2. I am NOT going to even try to go the conference I was supposed to go to in Houston in December. I am through stressing about it. I am not putting my money into it when there are things that are far more important to me.
3. I am going home to see my family in December. My brother will be coming home from Germany on the 16th on leave. I miss my brother and the rest of my family and I don't see why I can't spend a couple of days there when I spend every single other holiday with my in laws. I will be back before Christmas. So there are fewer cookies and decorations. Everyone will live. This is for me. (something very telling here when I refer to my childhood home as home and not where I have lived for more than 20 years as home.)
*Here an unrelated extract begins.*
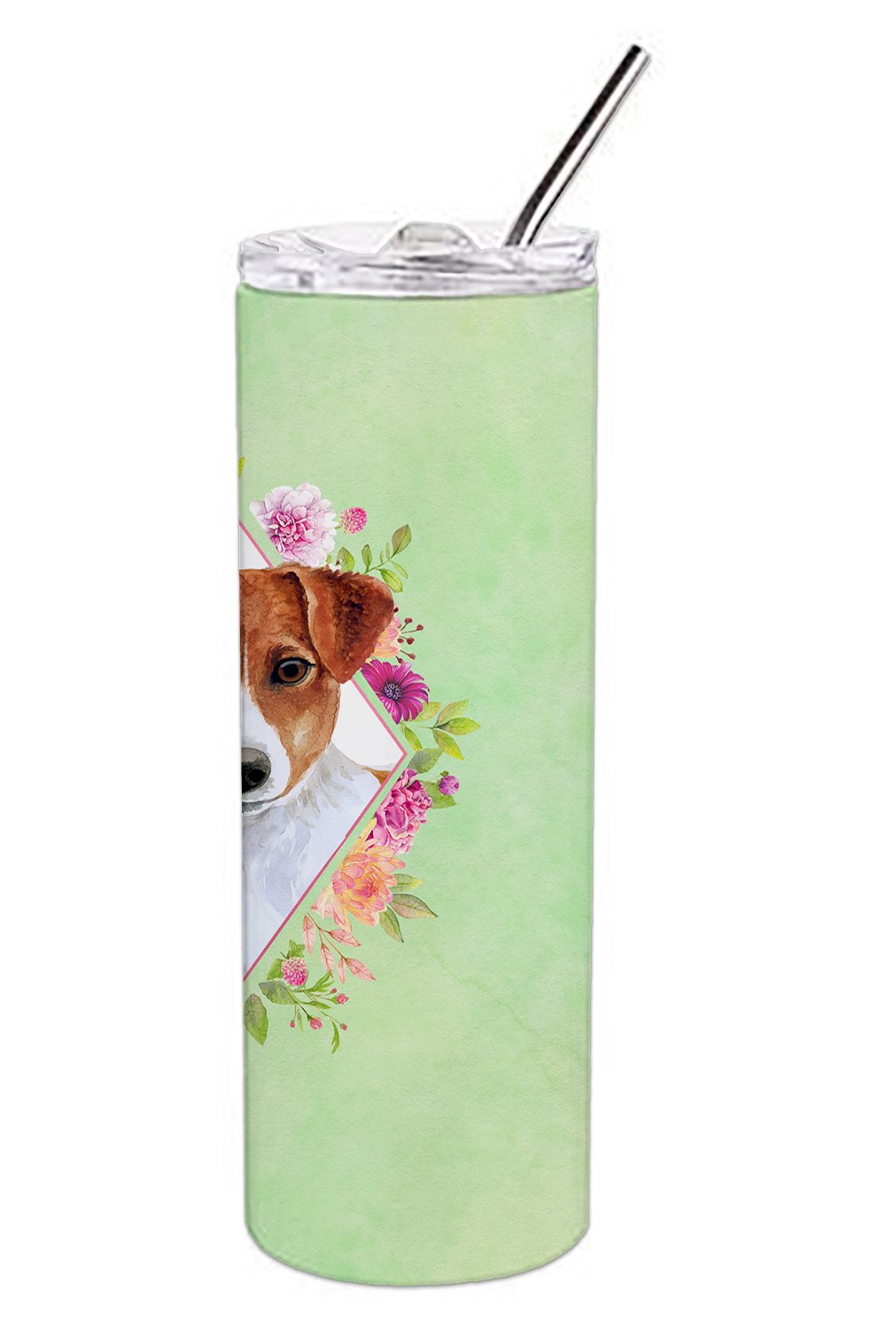 Jack Russell Terrier #2 Green Flowers Double Walled Stainless Steel 20 oz Skinny Tumbler CK4316TBL20

I have a friend who is constantly berating me for giving, giving, giving to everyone to the point that I compromise things for myself. He is just as bad so he shouldn't be throwing stones but I love him so I will allow it. The fact remains that he is right. My own family has gotten so spoiled that 9 days out of 10 I find myself wishing that I am anyplace else but here. Like as not someday I will be too. The sad fact is when you give too much you lose yourself. I went from my parent's home to living with my husband, having 1 son and then a second. Then I landed a wonderful job that allowed me to grow, and learn and stretch beyond my small corner of the world. I thought I had the world by the tail. I lost my job 6 months ago and I am just now seeing that while I loved what I did, it became a part of my identity, just like being my father's daughter, my husband's wife, my sons' mother. When I thought I had found Maria, I realize now that once again I lost her in the maze of overtime, road trips and long distance phone calls.
Beginning today, I am starting on a new journey. Who am I? Who do I want to be? Where do I want to be? I am going to find out.